Additional item that we are constantly being asked about is to collocate or not
collocate, if you look on other systems they will tell you – put your Spark
cluster together with your data cluster yes there are “efficiencies”
in that one, you’re going to be managing less nodes, it’s going to be
more efficient from spinning up and down system, you don’t have to multiply your
controllability, control plane, however there’s a cost to that, definitely with
the system like Scylla.

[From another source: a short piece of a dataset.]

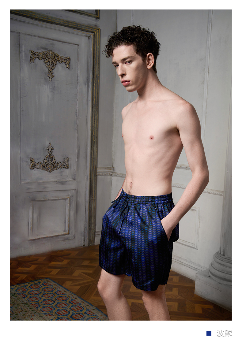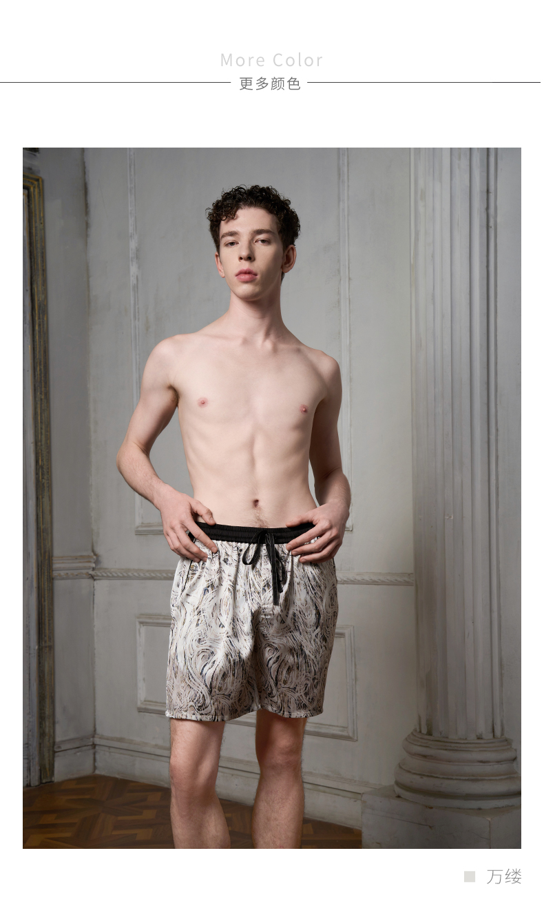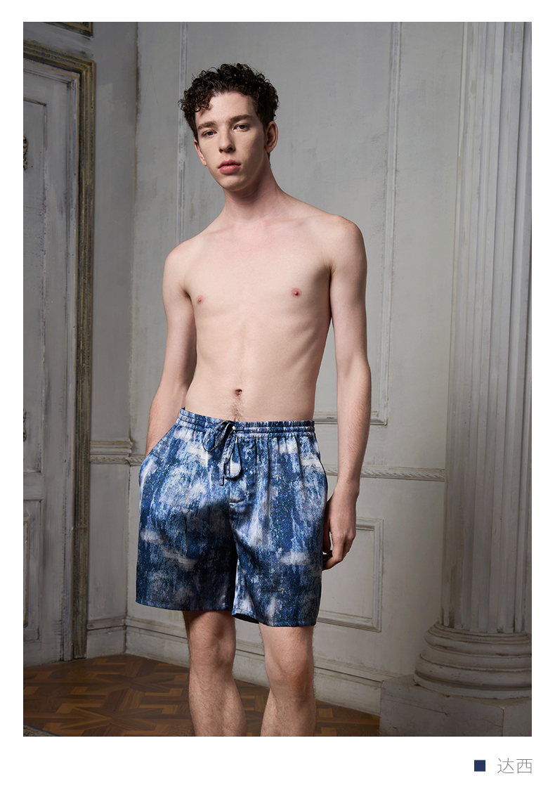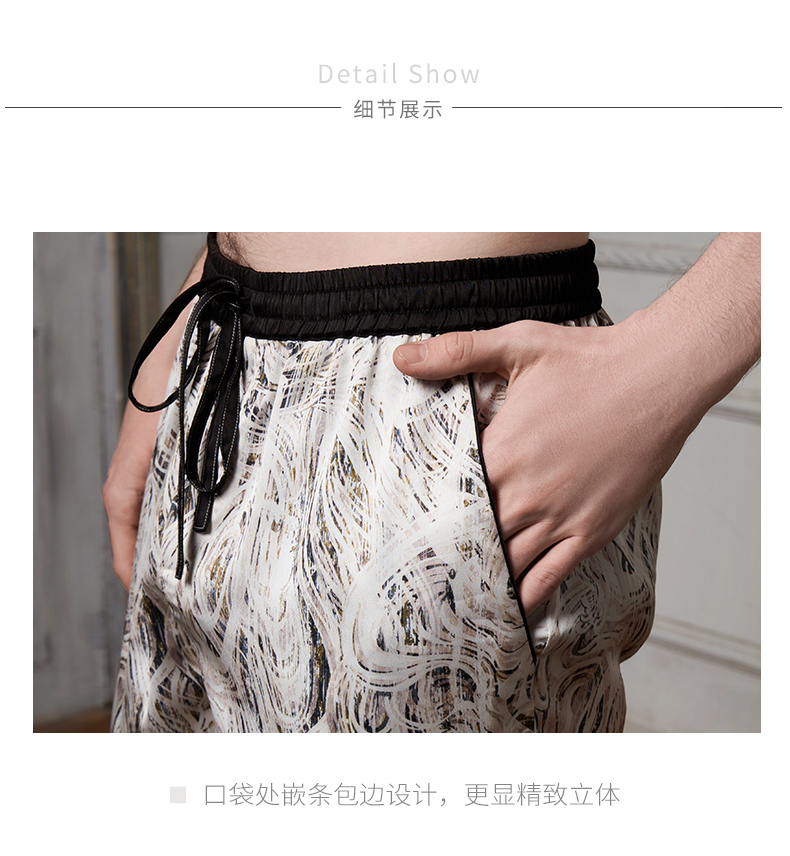 Solo seta22姆米真丝睡裤男丝绸短裤桑蚕丝家居裤印花秋冬

To make sure that it works
don’t forget each one of those Spark nodes have executors, you’re going to
define how many cores in each one of your servers going to be an executor
For example let’s say we have a 16 core server, I can say I have 8
cores for Scylla and 8 cores for the Spark executors, that’s going
to divide that node half in half, is it efficient – sometimes it is, if you have a
constant analytic workload going in that specific cluster, it might be worthwhile
to increase or scale-up the node to collocate Spark together with Scylla
However in our experience we have seen that in many cases those workloads that
are constantly running are fairly small so again the benefit of doing that
might not be that beneficial we do recommend separating the Spark
cluster from the Scylla cluster, you’ll have to tune less
you can have a more proficient Scylla cluster that’ll provide you better performance
and you might want to tear down or scale up scale, down your Spark cluster so the
dynamic of actually using the Spark is going to be more efficient and this is a
Java program at the end of the day and this one is not, so if you have to manage
memory here if you’re going to set up some kind of a off-heap memory you have to
consider the Scylla usage of that specific memory to prevent any type
of collisions. So fine tuning, as I said before
one thing I didn’t say, in this part parallelism there is a setting of how
many parallel tasks you want the executor to run, the default if I
remember correctly is 1 on the installation you can increase it to the
number of cores you have in the. Scylla side to create more and more parallel
connections, reduce the split size from 64 megabytes to 1, there is a setting
inside the Cassandra connector that says what’s going to be the maximum
connection that I want to deploy, the default is calculated by the number of
executors you have, we recommend to increase it to the number of cores or
more that you have in the Scylla side, to open more and more connections
the different number of connections going to open, by the way if you don’t have any
workload this is one, so the Java connector will open one connection between your
Spark executors and your Scylla nodes. The different concurrent writes, the actual writes
in batch in-flight you can have, the default is 5, again might make sense to increase
that number if you have a very high write load and the concurrent
reads for each one of those connections that default is 512, makes sense again if
you need a very high read workload to increase the number. To conclude so
Scylla does enable you to run analytic workloads and if you saw the
presentation this morning from Glauber, we’re actually gonna improve the
processes more and more if you get the analytic user that’s going to be able to
benefit from a different path of data and we you said scanning those
tables in a more efficient way. It is recommended from our perspective, you
have some questions about what is going to be the most efficient way to
deploy your Spark cluster with Scylla cluster, talk to us, we have found that there are
several use cases which are different from one another
and you can get better performance by small tunings in the connector or
replacing the Java driver underneath it.. Resource management is the key for a
performant cluster, time after time after time we see that if your
resource management is correct, you size it correctly
from the Spark side in the Scylla side you’ll be happy with the results.